EXERCISE INPUT START

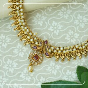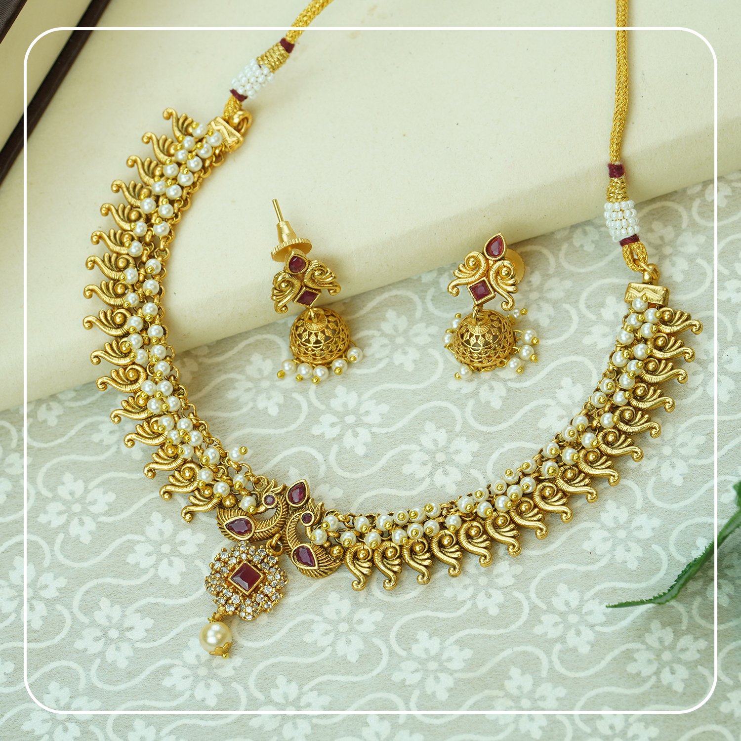 This copper-finished necklace, adorned with intricate white beads and exquisite peacock designs, radiates a timeless, traditional charm. The beaded accents, elegantly spread throughout the necklace, are beautifully complemented by the addition of rubies stones, enhancing its overall appeal. The necklace features Mop chains, allowing for an adjustable length to ensure a perfect fit. Paired with matching earrings, secured with a post and back closure, this set is ideal for daily wear, as well as for weddings and festive occasions. It adds a touch of elegance and sophistication, making it a versatile and stunning accessory.
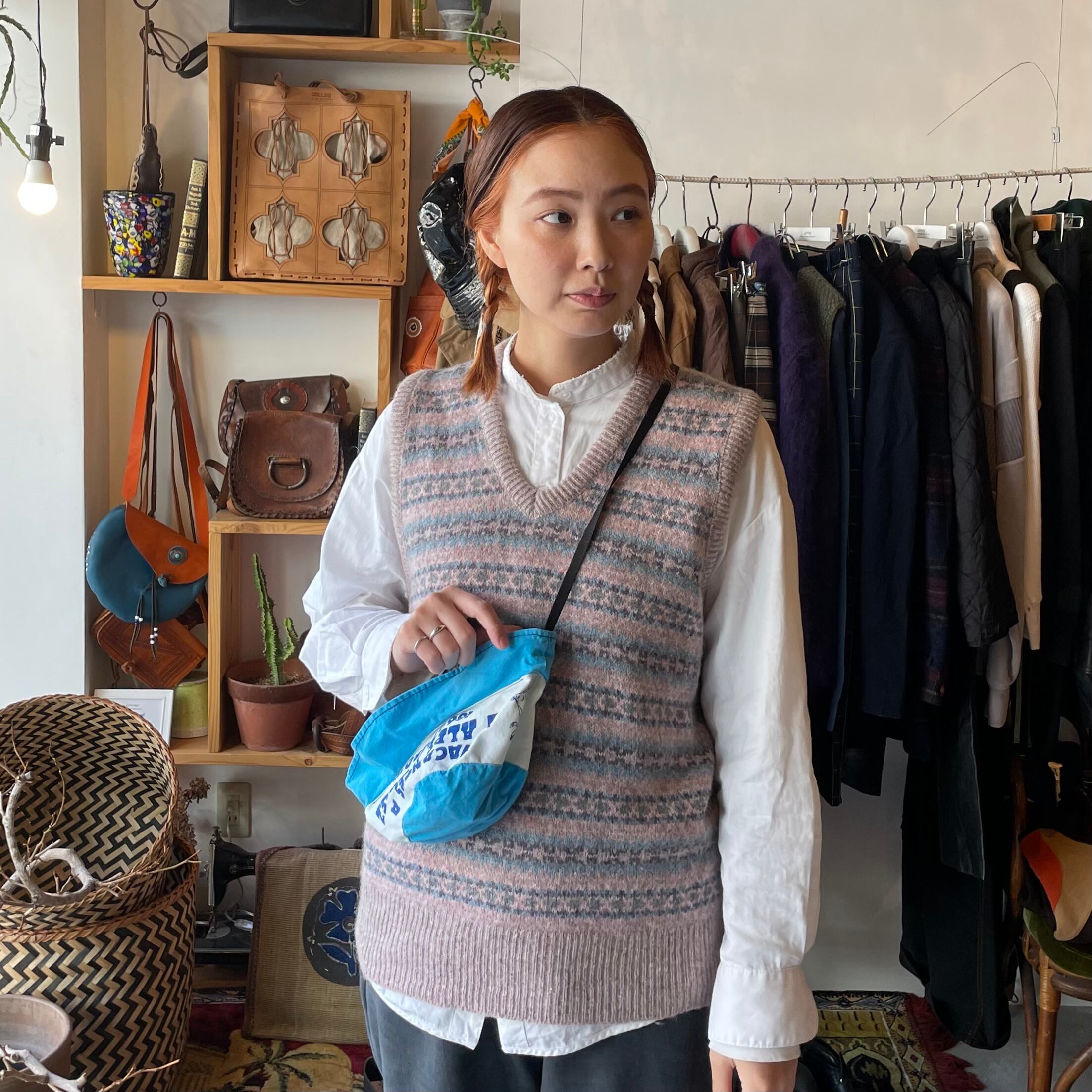 古着のバケットハットを使ったオリジナルリメイク商品。財布やスマホ、鍵など最低限の持ち物を入れるのに適したサイズ感です。コーディネートのアクセントにいかがでしょうか◎
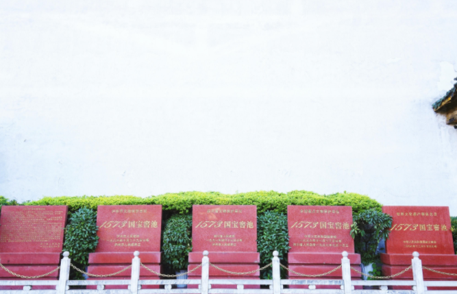 窖池外,墙角处,立着几座石碑。红底金字,记录着“1573窖池”从1986年以来的荣耀。“泸州市文物保护单位”“四川省文物保护单位”“全国重点文物保护单位”“世界文化遗产预备名录”。从左至右,将“1573窖池”日日前进的历史,平铺在游客眼前,向世人展示泸州老窖“活文物”。
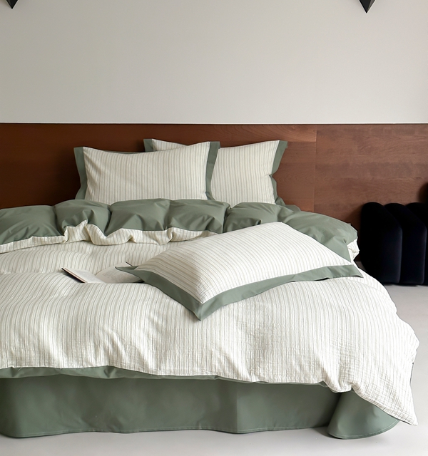 (总)旷野 2025新款空气层提花皱皱纱碎花边工艺款四件套-竹梦,竹梦
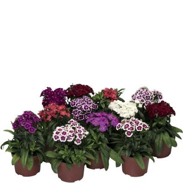 Гвоздика Барбарини F1 смесь - компактный многолетник, который зацветает в год посева. Высота - 20-30 см. Цветки бахромчатые, имеют приятный аромат. Растениям присущи все преимущества гибридов - хорошая сила роста, легкость выращивания, компактность, высокая однородность по габитусу и времени цветения всех расцветок. Зона зимостойкости от -35 оС до -29 оС. Используют для оформления рабаток, низкорослых клумб и декорирования краев газона. Период выращивания после высадки в горшок - 10-12 недель.
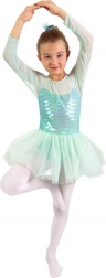Premišljen kroj omogoča svobodo gibanja tako pri treningu kot pri nastopih. Dolgi ali mrežasti rokavi ter puhasto tutu krilo ustvarjajo klasičen baletni videz, ki očara na prvi pogled.
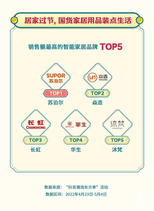 “抖音潮流东方季”活动正值五一假期,大众对智能家居用品消费热情高涨。家用多功能锅、电风扇、家纺用品等成为装点美好生活的潮品。苏泊尔、焱造、长虹、华生和沐梵等智能家居品牌销售火热,整体销售额位居前列。
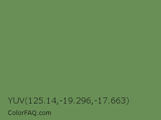 YUV 125.14,-19.296,-17.663 Color is a normal green color and the nearest color is Highland #6f8e63. Hex code #698f56 and RGB value is rgb(105,143,86). In RGB color space, this color is composed of 41% red, 56% green, 34% blue, In CMYK color space, this color is composed of 27% cyan, 0% magenta, 40% yellow , 44% black , In HSL color space, this color has a hue angle of 100° , 25% saturation and 45% lightness.
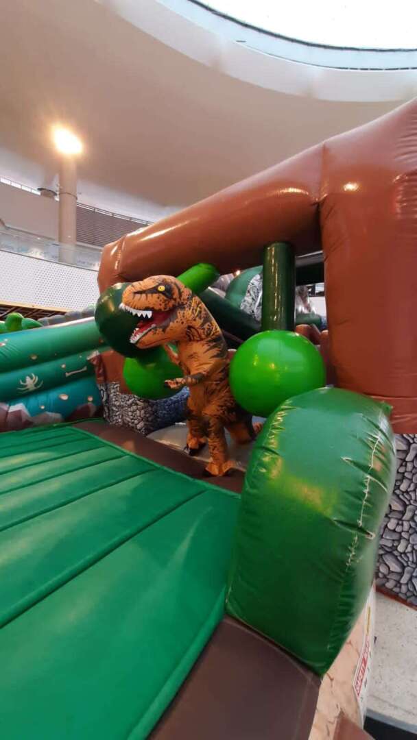 Para encontrar quién será el dinosaurio más rápido, los doce competidores que participarán en este evento, deberán recorrer aproximadamente 200 metros con trajes inflables de dinosaurios.
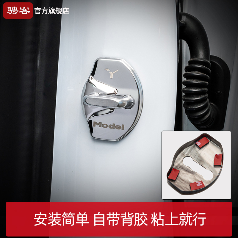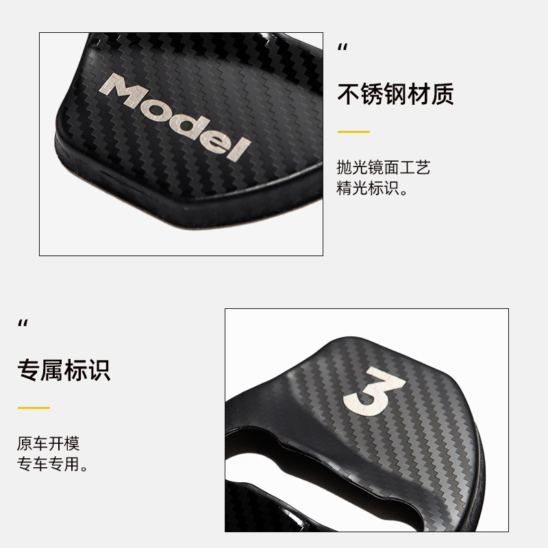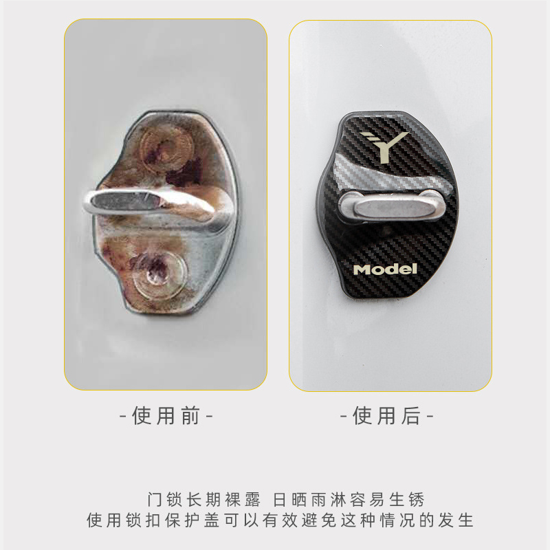 Model Y stainless steel door lock protection cover-black Model Y stainless steel door lock protection cover-silver color Model Y stainless steel door lock protection cover-carbon fiber Mo
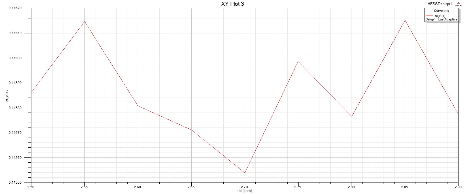 在HFSS里面仿真得出耦合系数,文献里面的耦合系数都是一条线性函数,我得出来是条曲折线,求大神看下 哪里错了? 步骤图如下,变量为两个腔之间开口的大小
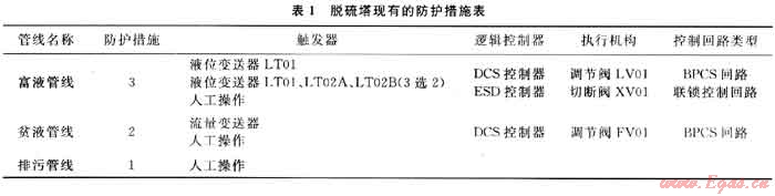 以某天然氣凈化廠的脫硫塔為例(該塔屬于重點高壓設(shè)備)。含硫天然氣在塔內(nèi)由下至上,在常溫高壓條件下脫除其中的硫化氫后從塔頂排出,脫硫溶劑貧液自塔頂往下流,吸收含硫天然氣中的硫化氫后從塔底排出,進入低壓系統(tǒng)再生。為保證高壓介質(zhì)不竄入低壓系統(tǒng),除設(shè)置脫硫塔液位調(diào)節(jié)回路外,另設(shè)置了安全聯(lián)鎖控制回路,作為重要的防護層。該裝置現(xiàn)有防護措施如表1所示。
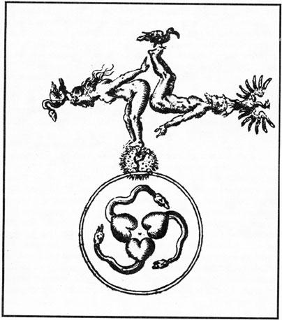 Это сопровождение, данное Василием Валентином к девятому ключу, пожалуй, самое загадочное из всех; именно на этой стадии Великого Делания происходят самые удивительные превращения первовещества, переливающегося всеми цветами радуги. Мужчина и женщина здесь также изображают серу и ртуть. Три сердца со змеями – три их начала. Ворон – символ черного, лебедь – белого, павлин – радужного, а феникс – красного цвета.
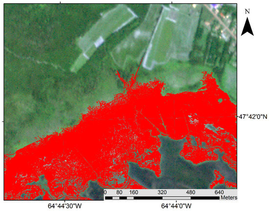 Mapping of salt marsh and other coastal features using LiDAR has been performed previously e.g., [18,19,20,22,23,30,31], though these studies largely involve mapping individual marshes and not large areas. While they analyze a much smaller area, this allows for the use of more complex mapping procedures that provide some insight into how some of the challenges encountered in our study could be overcome. Such uses include extracting legal shoreline boundaries [30], mapping marsh tidal creek networks [22] and using LiDAR in conjunction with other remote sensing data, such as multi- and hyperspectral imagery [18,20,22,23], among others.
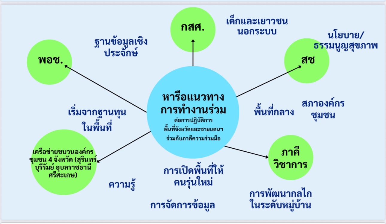 พร้อมกันนี้ ยังเน้นการทำงานแบบบูรณาการกับภาคีสำคัญ เช่น พอช. และ กสศ. เพื่อร่วมกันสร้าง “นิเวศการเรียนรู้” ที่ครอบคลุมทั้งมิติที่อยู่อาศัย การศึกษา และสุขภาพ โดยเฉพาะในพื้นที่ชายแดนที่เผชิญวิกฤติซ้อนวิกฤติ ซึ่งจำเป็นต้องมีระบบดูแลสุขภาวะที่ยืดหยุ่นและเข้มแข็งจากฐานชุมชน
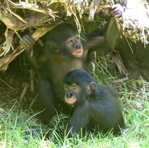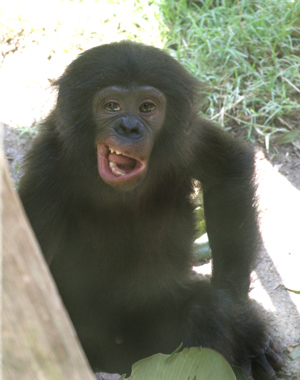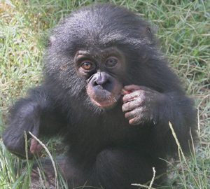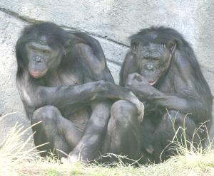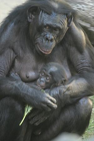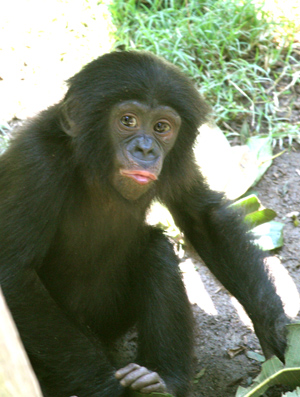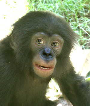 Next we come to the bonobo (formerly known as the pygmy chimpanzee, not because they are small -- they are not -- but because they live near the Pygmy people of the Congo Basin, who are known for their small stature). Bonobos are "the chimps of the Pygmies." Note the glaring error on the UN map of Africa below where, trying to avoid the word "pygmy," they coin the phrase "dwarf chimpanzees." Alas. If anthropologists and primatologists had to select one great ape which was behaviorally closest to humans, it would likely be the bonobo because of similarity in both social and sexual behaviors. We are, however, more like the common chimpanzees in other respects, such as practicing "gang warfare" on neighbors.
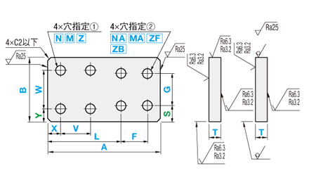 | 加工 仕様 | タップ有効長最大 M・MA×2 [ ! ]T≧M・MA×3のとき、 タップ下穴が貫通しない 場合があります。 |
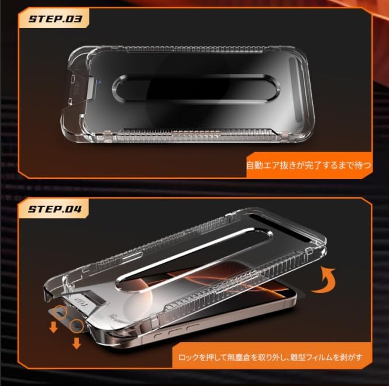 気泡・ズレの心配なし|専用の無塵ボックス付きEasyAppケースで、ほこりを遮断しながらまっすぐ貼れる。貼りやすい設計で、初心者でも3ステップで簡単に仕上げられる保護フィルム。
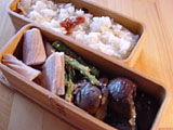 せつめい: 塩豚、いんげんの胡麻和え、ナス(畑)の田舎煮、自家製梅干です。おやつはなしです。
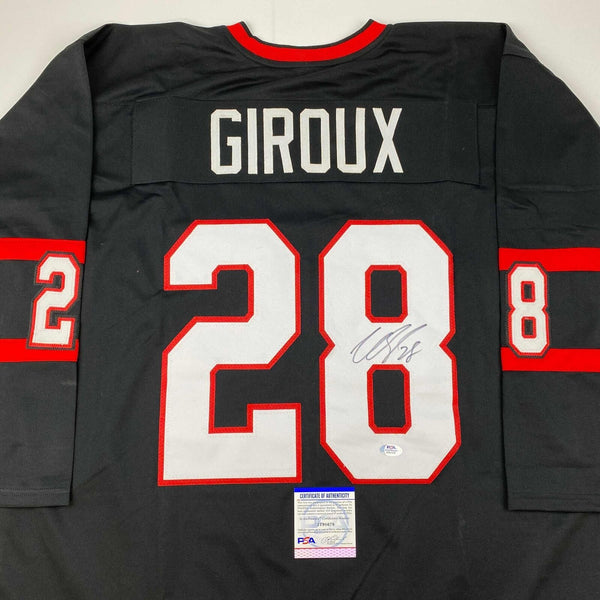 Autographed/Signed Claude Giroux Ottawa Black Hockey Jersey PSA/DNA COA Jersey has no brand names or logos. This is a custom jersey and was not manufactured by or in any manner associated with any professional sports league or manufacturer. This custom jersey carries no professional sports league designation. The item is intended to be an autographed collectible. The custom jersey displays the name and number of the player. This item in no way is affiliated with or connected to any professional sports organization. Size is XL.
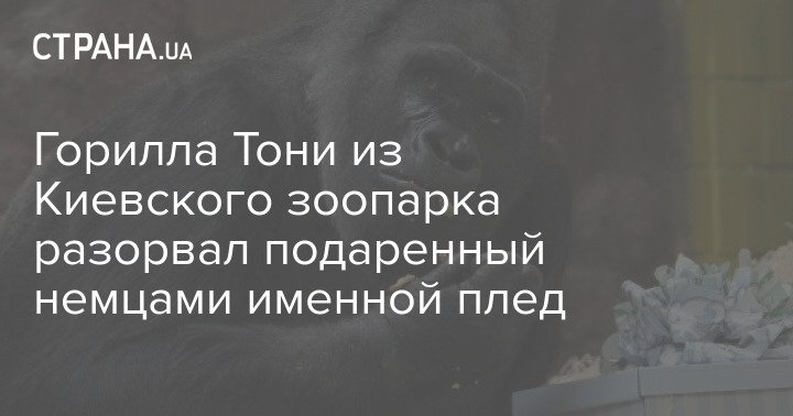 В Киевском зоопарке самец гориллы Тони разорвал новенький плед с вышитым именем самца, который ему прислали на праздники из Германии.
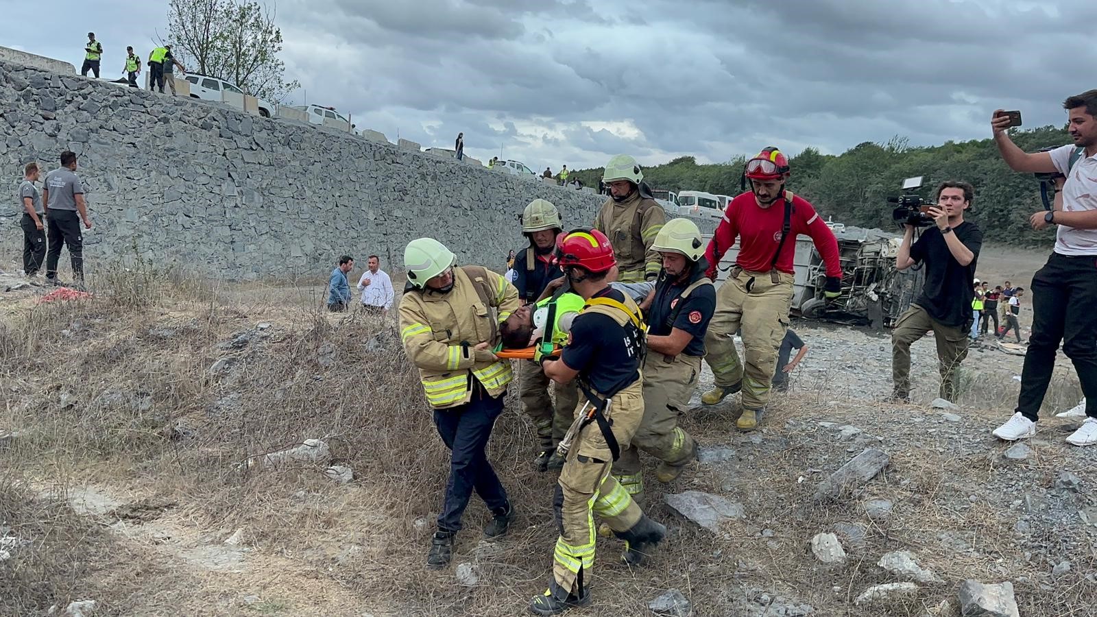 Kemerburgaz da otobüs devrildi Çok sayıda yaralı var
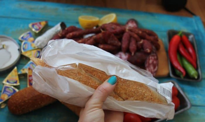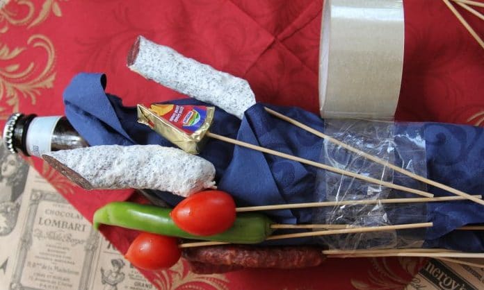 First, cut the sausage into three or four parts. After we cut the lemon in half and cut the baguette. In a napkin, preferably of dense quality, we wrap our beer bottle. We attach wooden skewers to the napkin itself using tape. After we string our sausage and sausages on skewers.

EXERCISE INPUT END

Each line from the start of the entries above through the line with "Para encontrar quién" should be duplicated exactly, leaving out the pictures.

 This copper-finished necklace, adorned with intricate white beads and exquisite peacock designs, radiates a timeless, traditional charm. The beaded accents, elegantly spread throughout the necklace, are beautifully complemented by the addition of rubies stones, enhancing its overall appeal. The necklace features Mop chains, allowing for an adjustable length to ensure a perfect fit. Paired with matching earrings, secured with a post and back closure, this set is ideal for daily wear, as well as for weddings and festive occasions. It adds a touch of elegance and sophistication, making it a versatile and stunning accessory.
 古着のバケットハットを使ったオリジナルリメイク商品。財布やスマホ、鍵など最低限の持ち物を入れるのに適したサイズ感です。コーディネートのアクセントにいかがでしょうか◎
 窖池外,墙角处,立着几座石碑。红底金字,记录着“1573窖池”从1986年以来的荣耀。“泸州市文物保护单位”“四川省文物保护单位”“全国重点文物保护单位”“世界文化遗产预备名录”。从左至右,将“1573窖池”日日前进的历史,平铺在游客眼前,向世人展示泸州老窖“活文物”。
 (总)旷野 2025新款空气层提花皱皱纱碎花边工艺款四件套-竹梦,竹梦
 Гвоздика Барбарини F1 смесь - компактный многолетник, который зацветает в год посева. Высота - 20-30 см. Цветки бахромчатые, имеют приятный аромат. Растениям присущи все преимущества гибридов - хорошая сила роста, легкость выращивания, компактность, высокая однородность по габитусу и времени цветения всех расцветок. Зона зимостойкости от -35 оС до -29 оС. Используют для оформления рабаток, низкорослых клумб и декорирования краев газона. Период выращивания после высадки в горшок - 10-12 недель.
Premišljen kroj omogoča svobodo gibanja tako pri treningu kot pri nastopih. Dolgi ali mrežasti rokavi ter puhasto tutu krilo ustvarjajo klasičen baletni videz, ki očara na prvi pogled.
 “抖音潮流东方季”活动正值五一假期,大众对智能家居用品消费热情高涨。家用多功能锅、电风扇、家纺用品等成为装点美好生活的潮品。苏泊尔、焱造、长虹、华生和沐梵等智能家居品牌销售火热,整体销售额位居前列。
 YUV 125.14,-19.296,-17.663 Color is a normal green color and the nearest color is Highland #6f8e63. Hex code #698f56 and RGB value is rgb(105,143,86). In RGB color space, this color is composed of 41% red, 56% green, 34% blue, In CMYK color space, this color is composed of 27% cyan, 0% magenta, 40% yellow , 44% black , In HSL color space, this color has a hue angle of 100° , 25% saturation and 45% lightness.
 Para encontrar quién será el dinosaurio más rápido, los doce competidores que participarán en este evento, deberán recorrer aproximadamente 200 metros con trajes inflables de dinosaurios.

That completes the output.